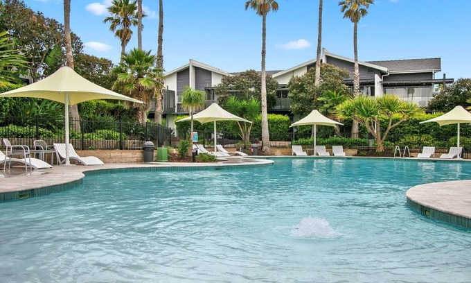 Located right on the first hole of the famous Magenta Shores Golf Course this 3 bedroom apartment boasts a fantastic outlook and location (just across the lane from the pools). Enjoy the newly refurbished lagoon pool with seasonal kiosk/bar or check out the rock pools for the little one. If you prefer the feeling of sand between your toes and the breeze in your hair then the beach is only a stone s throw away. Guests are also welcome to use fee for service facilities such as Vie Spa, Barretts Restaurant and Shallows Bar. If you are a member of the golf course (or have a Golflink number) you will also have access the championship 18 hole golf course*.
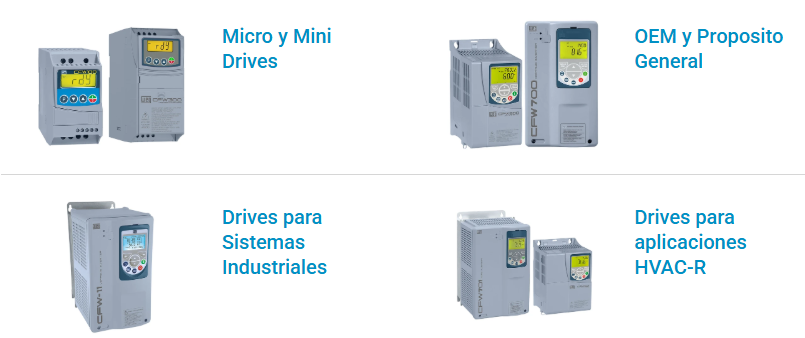 Con décadas de experiencia en el desarrollo de productos electrónicos, WEG ofrece soluciones de alta performance y eficiencia en accionamientos para motores eléctricos industriales. Desarrollados de acuerdo con normas internacionales, los drives WEG ofrecen flexibilidad e innovación para aumentar la productividad y la confiabilidad de procesos
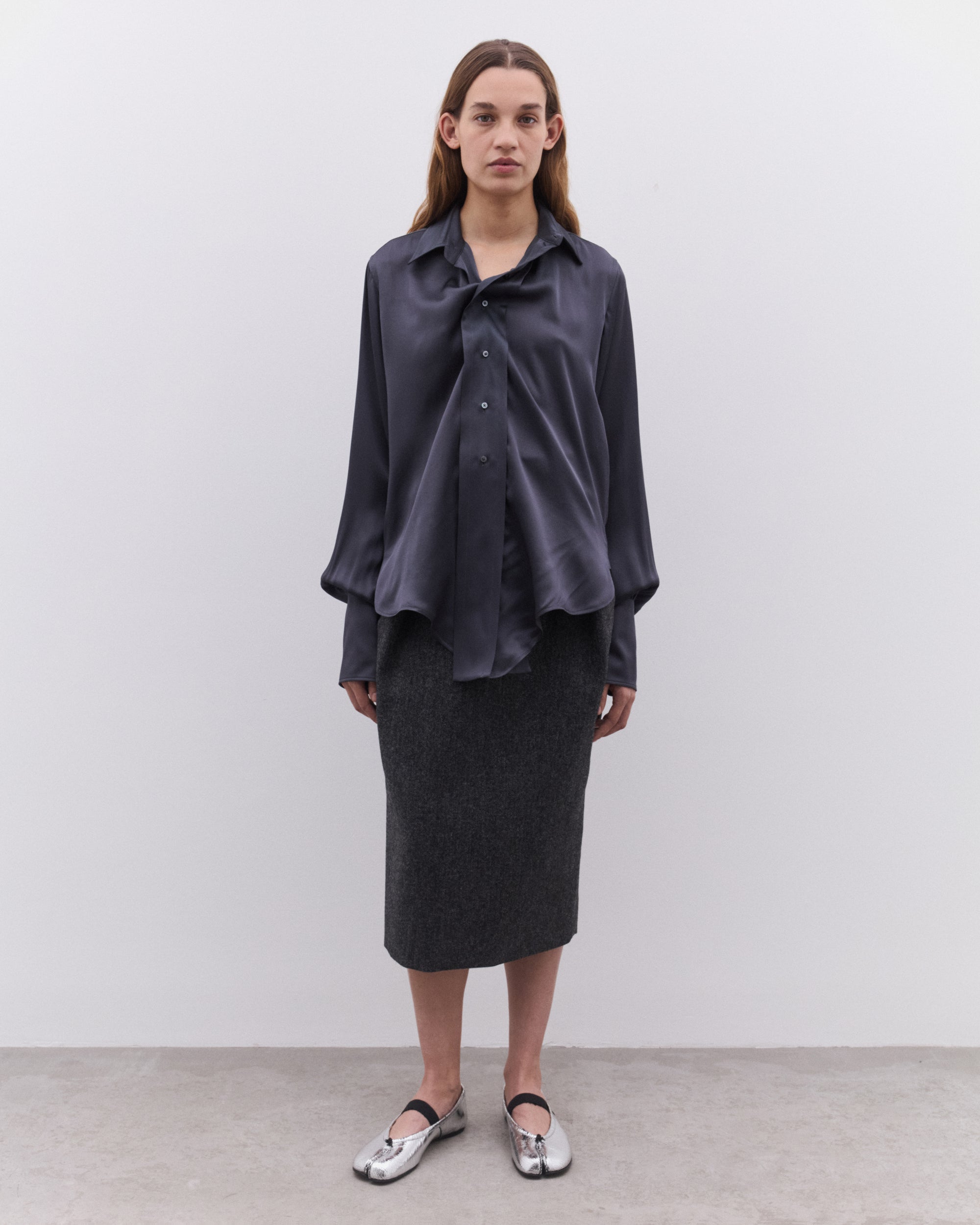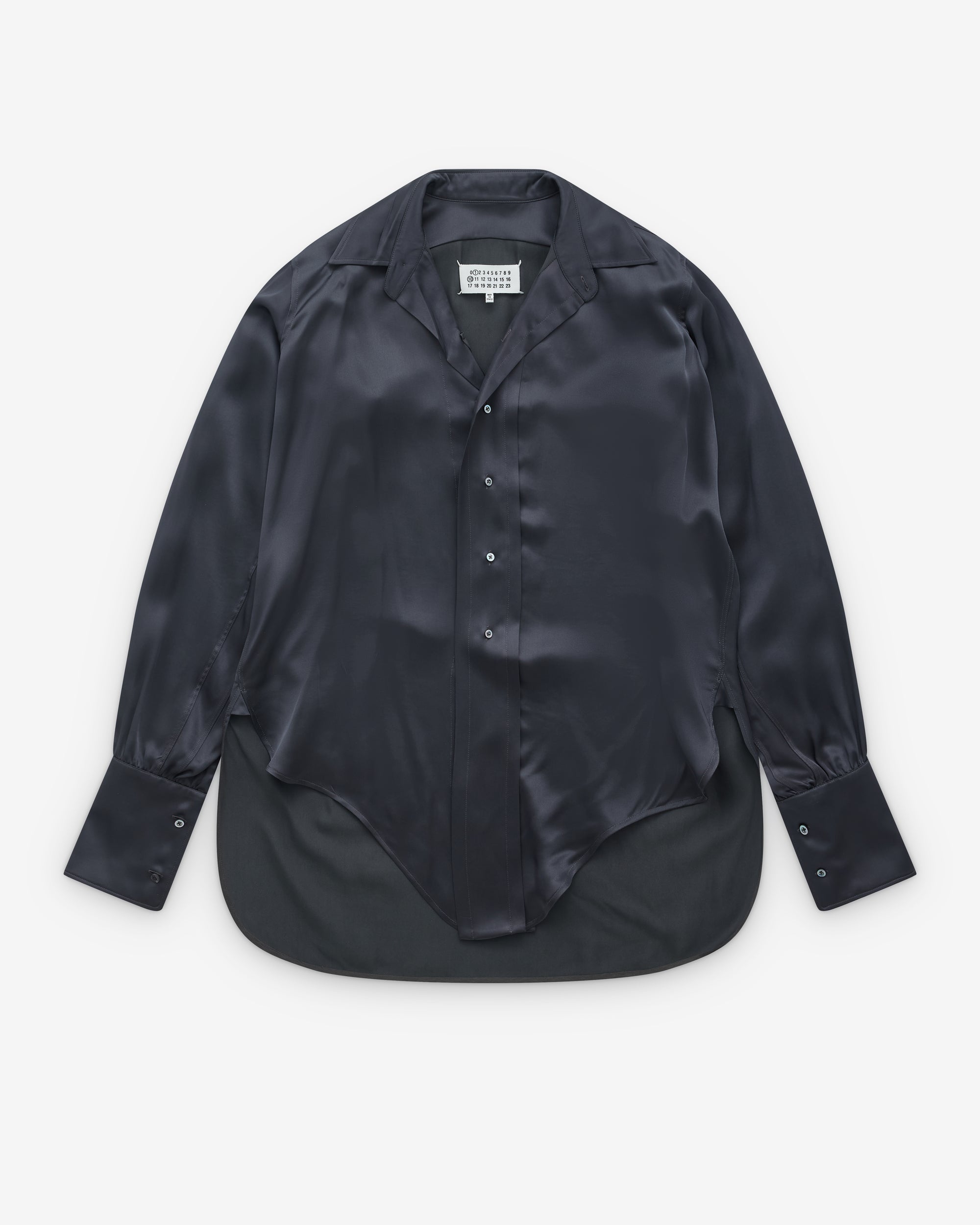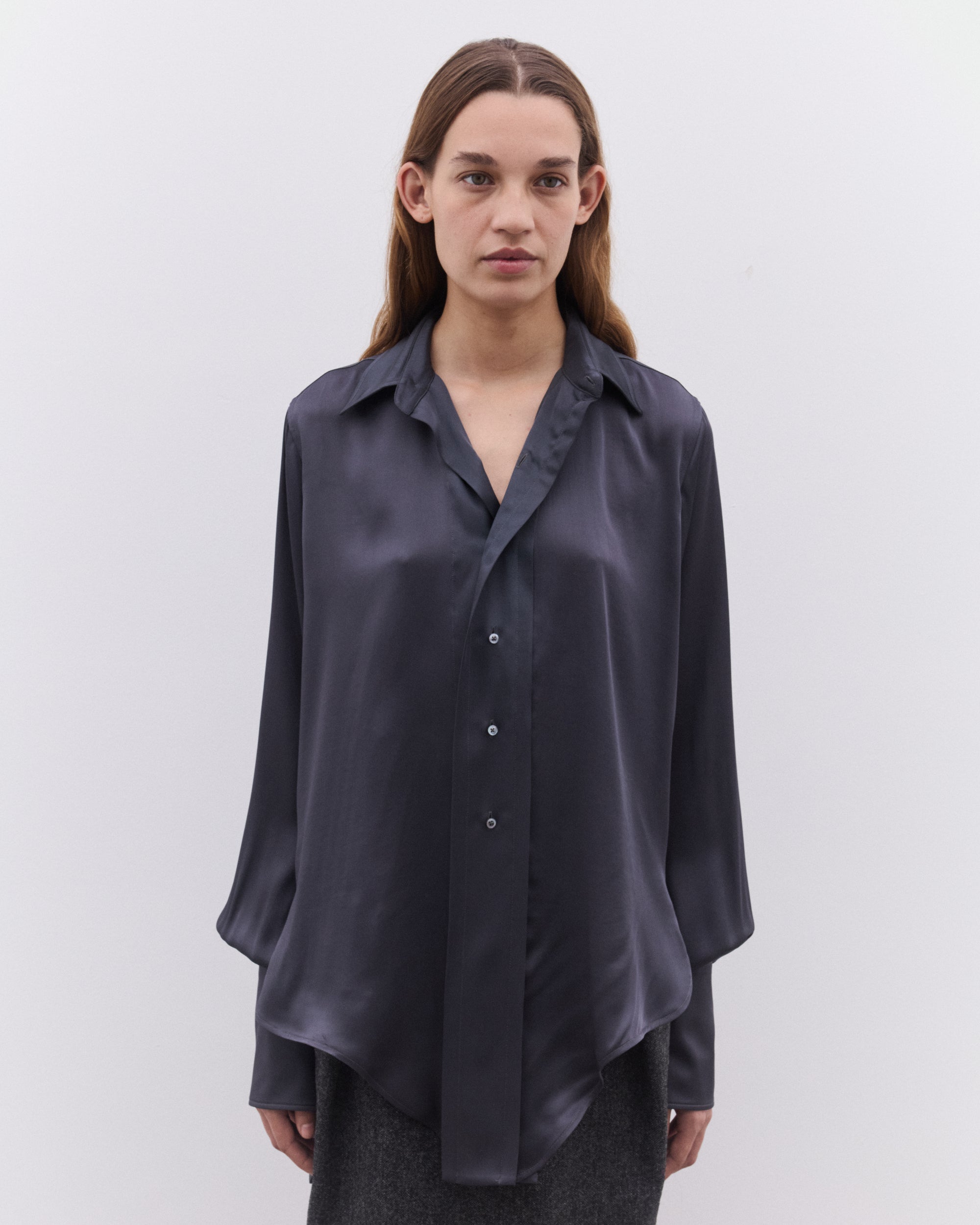 Viscose toile shirtPointed collarMother of pearl button closureButtoned cuffsCurved hemSide slitsDécortiqué detailsFour stitches at the back
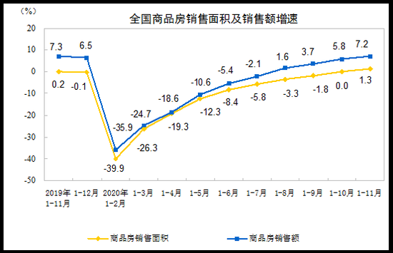 1-11月份,商品房销售面积150834万平方米,同比增长1.3%,增速比1-10月份提高1.3个百分点。其中,住宅销售面积增长1.9%,办公楼销售面积下降12.8%,商业营业用房销售面积下降11.1%。商品房销售额148969亿元,增长7.2%,增速提高1.4个百分点。其中,住宅销售额增长9.5%,办公楼销售额下降10.7%,商业营业用房销售额下降13.7%。
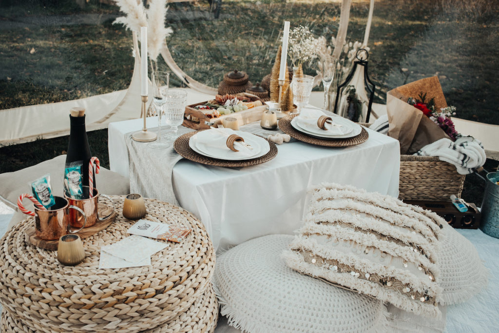 In Denver, sisters-in-law Sofia and Kassi Beer combat Colorado’s elements by renting a brick-and-mortar venue where clients can choose from picnic or regular seating, or a combination of both, in a bohemian-inspired setting with lots of low-hanging lights and rugs.
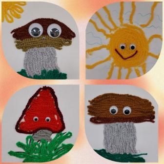 На картон нанесли понравившийся рисунок и приклеили цепочки необходимого цвета . Добавили глазки, и картинки как будто ожили.

> [Task to carry out]: Reproduce the lines above starting at the one with "Con décadas de" and ending at the one with "1-11月份,商品房销售面积", both included, exactly and with no pictures.

> [Worked solution]:
 Con décadas de experiencia en el desarrollo de productos electrónicos, WEG ofrece soluciones de alta performance y eficiencia en accionamientos para motores eléctricos industriales. Desarrollados de acuerdo con normas internacionales, los drives WEG ofrecen flexibilidad e innovación para aumentar la productividad y la confiabilidad de procesos
 Viscose toile shirtPointed collarMother of pearl button closureButtoned cuffsCurved hemSide slitsDécortiqué detailsFour stitches at the back
 1-11月份,商品房销售面积150834万平方米,同比增长1.3%,增速比1-10月份提高1.3个百分点。其中,住宅销售面积增长1.9%,办公楼销售面积下降12.8%,商业营业用房销售面积下降11.1%。商品房销售额148969亿元,增长7.2%,增速提高1.4个百分点。其中,住宅销售额增长9.5%,办公楼销售额下降10.7%,商业营业用房销售额下降13.7%。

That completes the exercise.